### Work instructions
Having found the line that contains "CHARLES M. BLOW", please retype only it and every line after it up to the end of the entries, exactly as written.

### Supplied entries
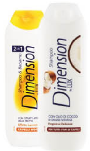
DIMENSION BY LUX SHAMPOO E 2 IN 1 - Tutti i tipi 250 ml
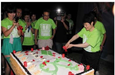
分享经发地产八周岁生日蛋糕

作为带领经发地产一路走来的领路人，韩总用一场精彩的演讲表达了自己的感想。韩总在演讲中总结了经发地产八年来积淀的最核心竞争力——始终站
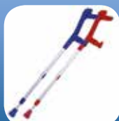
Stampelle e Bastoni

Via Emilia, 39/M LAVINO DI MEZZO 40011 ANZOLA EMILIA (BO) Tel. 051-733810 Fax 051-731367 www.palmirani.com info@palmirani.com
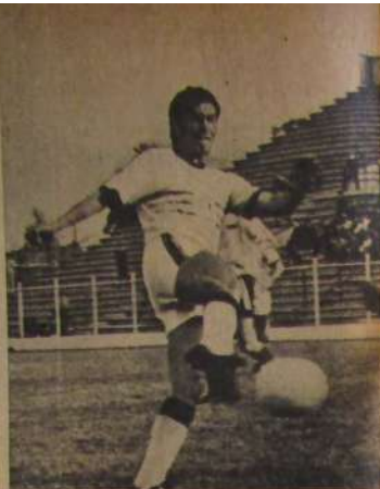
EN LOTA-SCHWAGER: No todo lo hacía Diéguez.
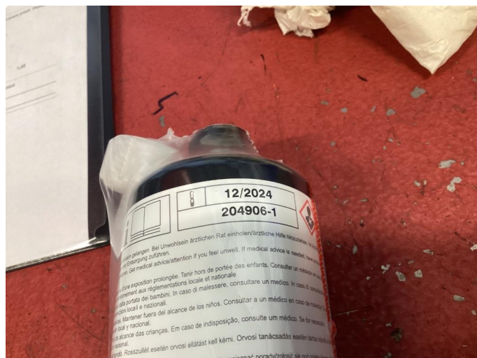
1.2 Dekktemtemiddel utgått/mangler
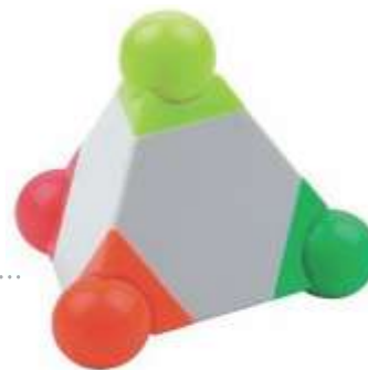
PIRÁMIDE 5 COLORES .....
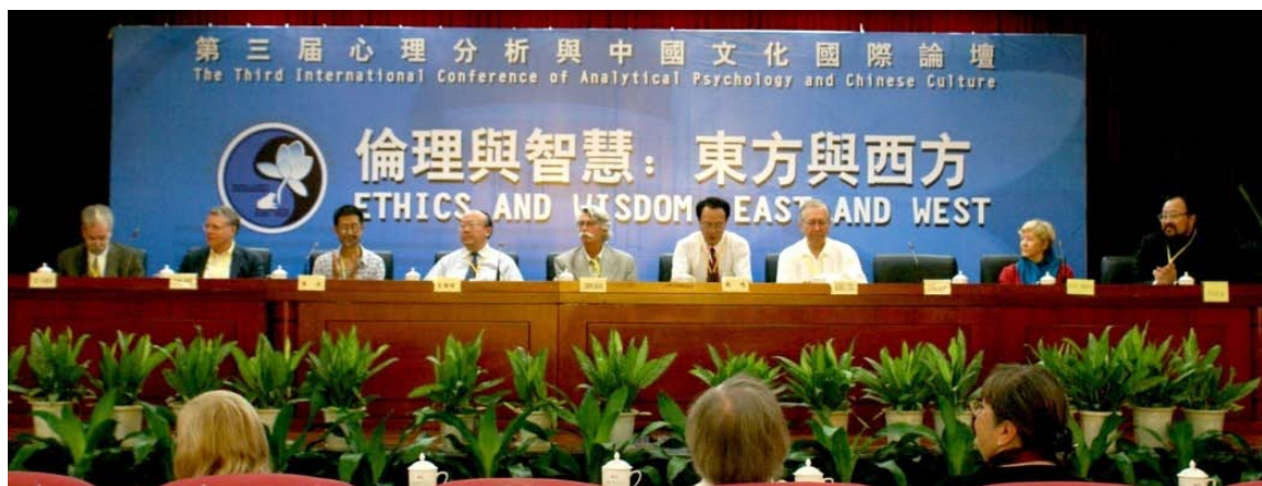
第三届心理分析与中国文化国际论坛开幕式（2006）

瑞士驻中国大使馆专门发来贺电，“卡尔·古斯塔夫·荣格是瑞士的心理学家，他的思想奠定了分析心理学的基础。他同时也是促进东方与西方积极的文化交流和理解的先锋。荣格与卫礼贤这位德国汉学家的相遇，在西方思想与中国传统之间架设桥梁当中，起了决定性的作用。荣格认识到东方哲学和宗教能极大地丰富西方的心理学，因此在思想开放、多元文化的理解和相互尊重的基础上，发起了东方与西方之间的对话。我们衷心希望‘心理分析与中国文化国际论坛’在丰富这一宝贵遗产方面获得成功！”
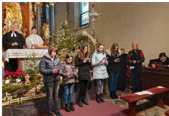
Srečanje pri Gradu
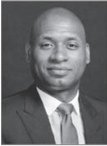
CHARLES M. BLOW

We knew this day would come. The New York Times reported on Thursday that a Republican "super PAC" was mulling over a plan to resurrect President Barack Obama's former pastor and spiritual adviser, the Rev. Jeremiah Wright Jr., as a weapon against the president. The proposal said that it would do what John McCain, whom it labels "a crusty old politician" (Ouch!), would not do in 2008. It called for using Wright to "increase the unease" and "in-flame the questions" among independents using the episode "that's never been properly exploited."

### Response box
CHARLES M. BLOW

We knew this day would come. The New York Times reported on Thursday that a Republican "super PAC" was mulling over a plan to resurrect President Barack Obama's former pastor and spiritual adviser, the Rev. Jeremiah Wright Jr., as a weapon against the president. The proposal said that it would do what John McCain, whom it labels "a crusty old politician" (Ouch!), would not do in 2008. It called for using Wright to "increase the unease" and "in-flame the questions" among independents using the episode "that's never been properly exploited."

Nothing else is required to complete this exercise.